▼

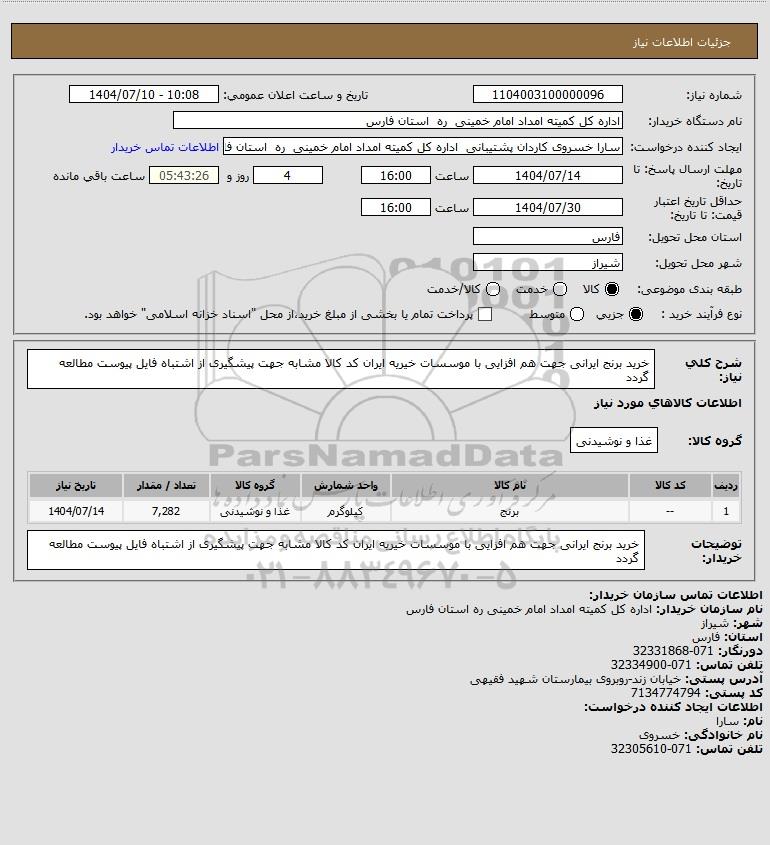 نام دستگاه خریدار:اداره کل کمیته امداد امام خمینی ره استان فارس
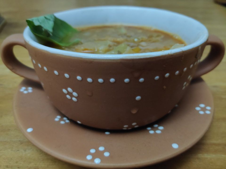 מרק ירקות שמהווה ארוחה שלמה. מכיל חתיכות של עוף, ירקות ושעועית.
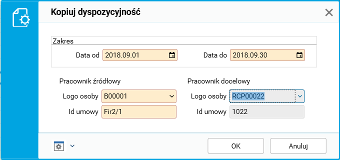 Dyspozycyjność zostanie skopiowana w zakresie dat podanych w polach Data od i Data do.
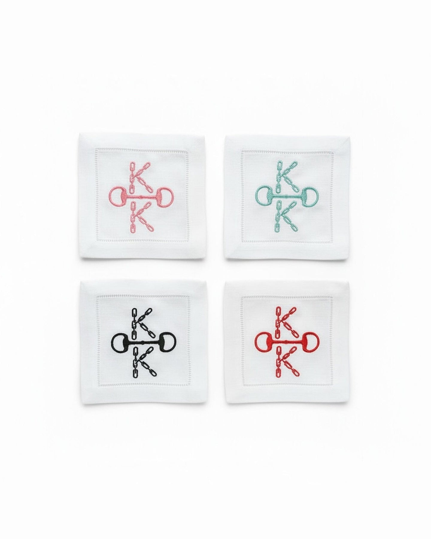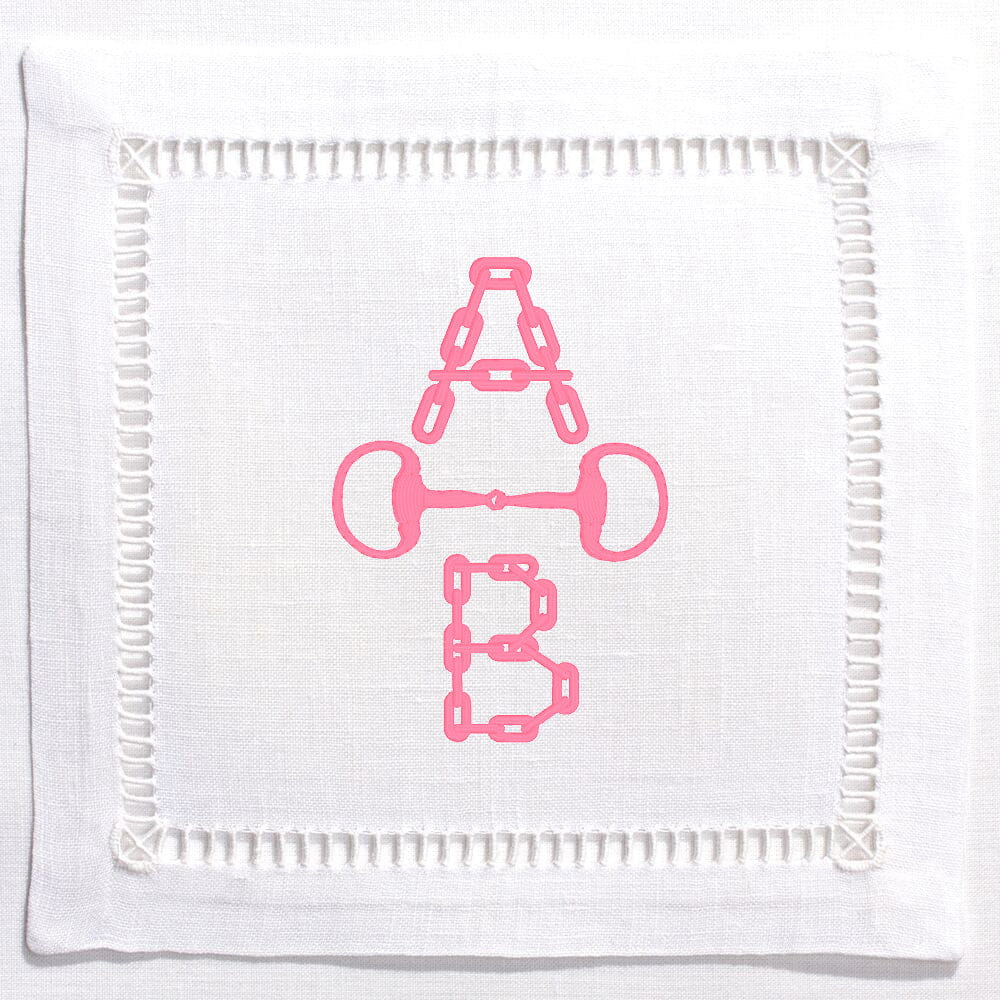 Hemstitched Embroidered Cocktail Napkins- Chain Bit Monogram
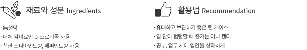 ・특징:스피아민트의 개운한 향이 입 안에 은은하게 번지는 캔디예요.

▲

**WHAT TO WORK ON:** In your reply, please set down exactly the lines from the one containing "מרק ירקות שמהווה" through the end of the records, with the pictures left out.

**ANSWER TO THIS TASK:**
 מרק ירקות שמהווה ארוחה שלמה. מכיל חתיכות של עוף, ירקות ושעועית.
 Dyspozycyjność zostanie skopiowana w zakresie dat podanych w polach Data od i Data do.
 Hemstitched Embroidered Cocktail Napkins- Chain Bit Monogram
 ・특징:스피아민트의 개운한 향이 입 안에 은은하게 번지는 캔디예요.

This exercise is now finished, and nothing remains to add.